--- START ---

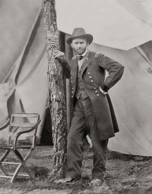 Delve into history with this remarkable photograph taken in 1864 by Egbert Guy Fowx, showcasing the distinguished figure of Ulysses S. Grant. Step back in time as you witness General Grant, standing resolutely outside a tent, embodying the essence of leadership during a pivotal period in American history. This rare glimpse offers a tangible connection to the renowned military strategist and the events that unfolded during the Civil War.
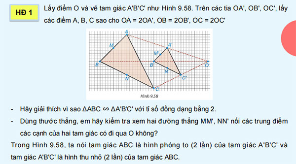 - Năng lực sử dụng công cụ và phương tiện học toán: Vẽ được hình đồng dạng phối cảnh của tam giác và đoạn thẳng khi biết tỉ số đồng dạng.
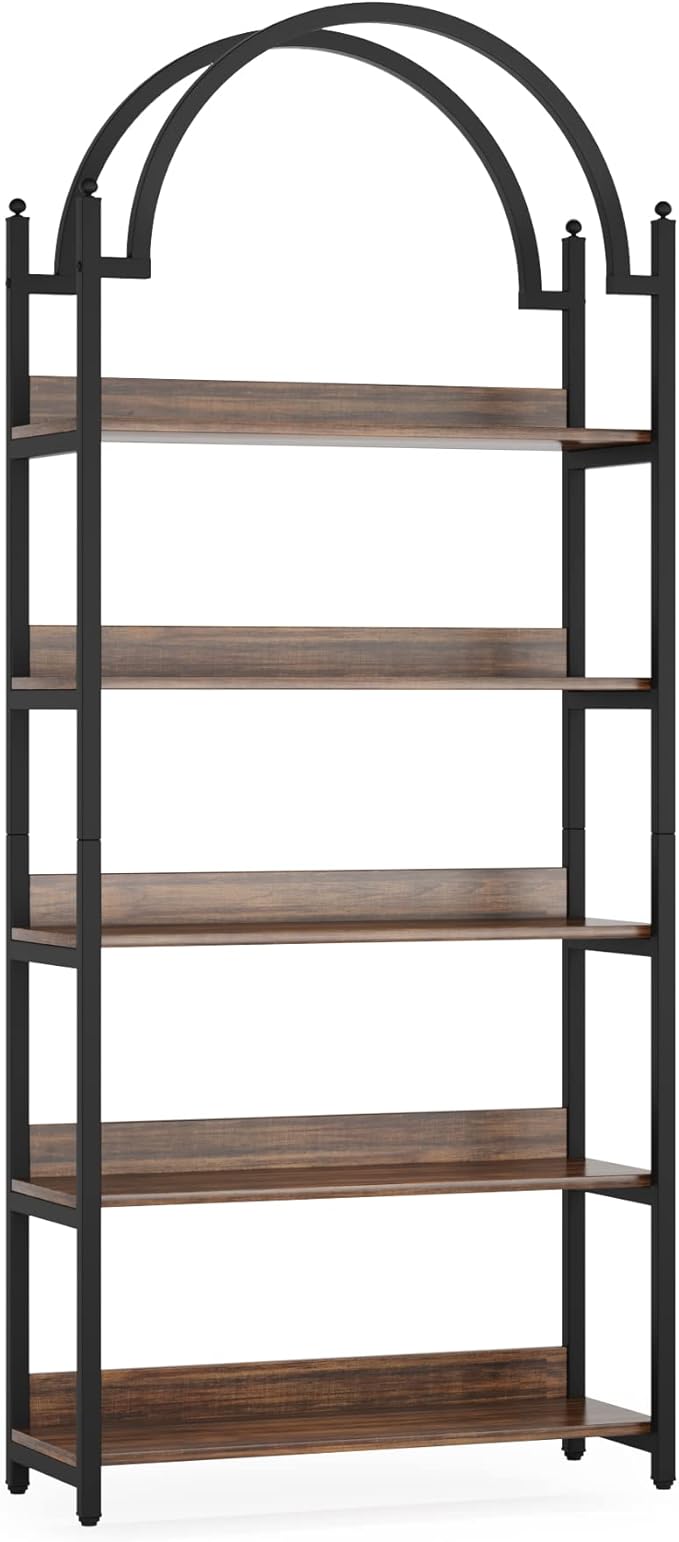 Tribesigns 5-shelf Arched Bookcase Set of 2, Rustic Wood Shelf with Black Metal Frame, Industrial Metal Etagere Open Bookshelf (2, Brown+Black)
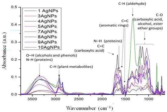 The FTIR spectra of the AgNPs were recorded to identify the functional groups involved in the synthesis of AgNPs (Figure 4). The spectra, apart from the synthesized AgNPs, also contained the plant extract components. Unfortunately, two samples based on extracts from 2-Urtica Dioica and 6-Capsicum baccatum were not measured due to the impossibility of freeze-drying of these samples. The overall observation from the FTIR bands (Figure 3) confirmed that the bioactive component is in charge of the reduction of silver ions to AgNPs. The band at 3304–3340 cm−1 is assigned to the stretching vibration of the OH group, while the band at 2923 cm−1 indicates C-H stretching. The most promising bands that can be responsible for the reduction and stabilization of formed AgNPs are the bands connected with the vibration of functional groups, such as alcohols, phenols, carboxylic acids, etc. The band around 1620 cm−1 is due to the amide C=O stretch. The band with a maximum between 1350 and 1400 cm−1 can be assigned for the alkane -C-H- bond. The band at 1000–1050 cm−1 represents the C-O stretching of carboxylic acids, alcohols, esters, and ether groups [].
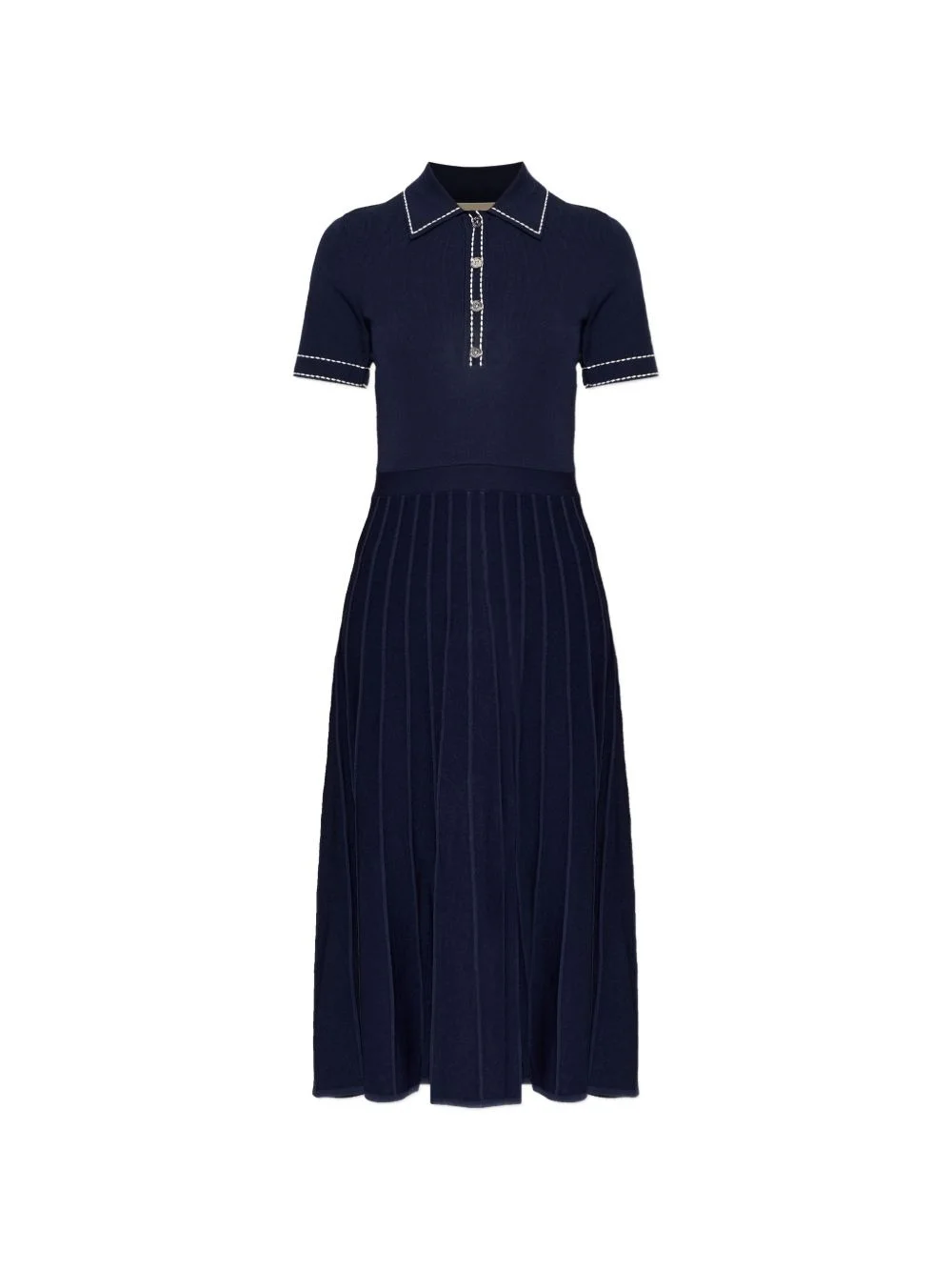contrast-stitching midi dress Highlights - Blue - Contrast stitching - Pleated skirt - Point collar - Button fastening - Short sleeves Imported Composition Viscose 64%, Nylon 34%, Elastane 2% Washing instructions Read Manufacturer Guidelines
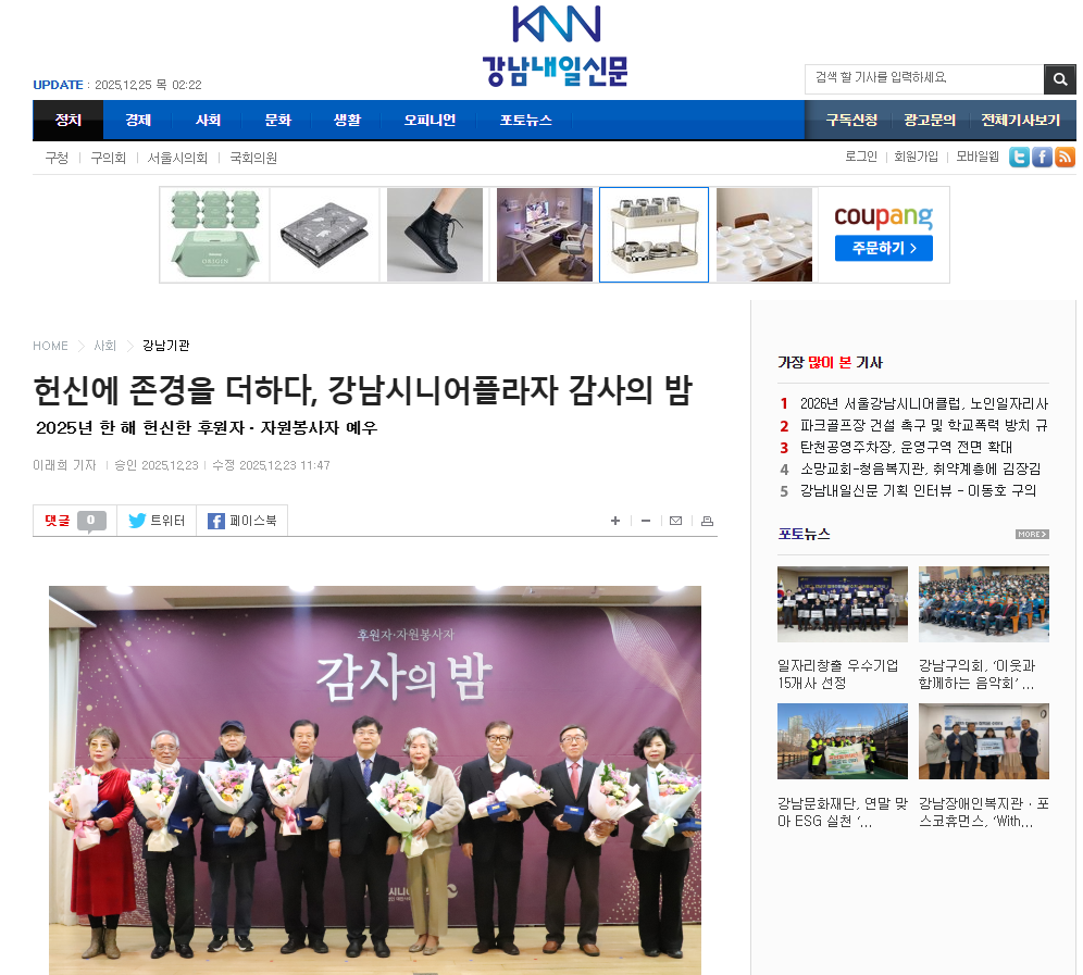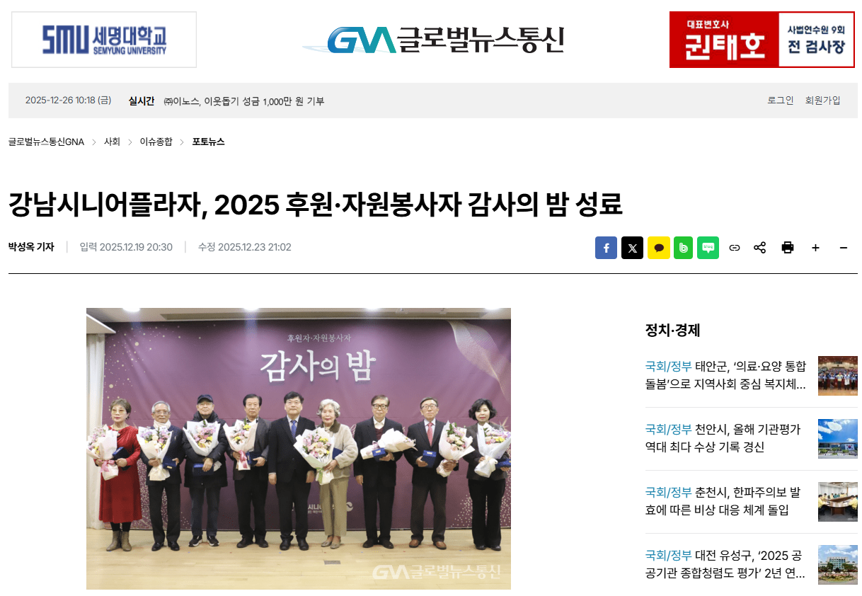 [2025.12.25. 서울자치신문 외 2건]강남시니어플라자, 2025후원 자원봉사자 감사의 밤 성료

--- END ---

● **Exercise directions**
Your reply is to be an exact repeat of the listing above from the line holding "- Năng lực sử" down to the line holding "Tribesigns 5-shelf Arched", ends included, pictures excluded.

● **Output of the task**
 - Năng lực sử dụng công cụ và phương tiện học toán: Vẽ được hình đồng dạng phối cảnh của tam giác và đoạn thẳng khi biết tỉ số đồng dạng.
 Tribesigns 5-shelf Arched Bookcase Set of 2, Rustic Wood Shelf with Black Metal Frame, Industrial Metal Etagere Open Bookshelf (2, Brown+Black)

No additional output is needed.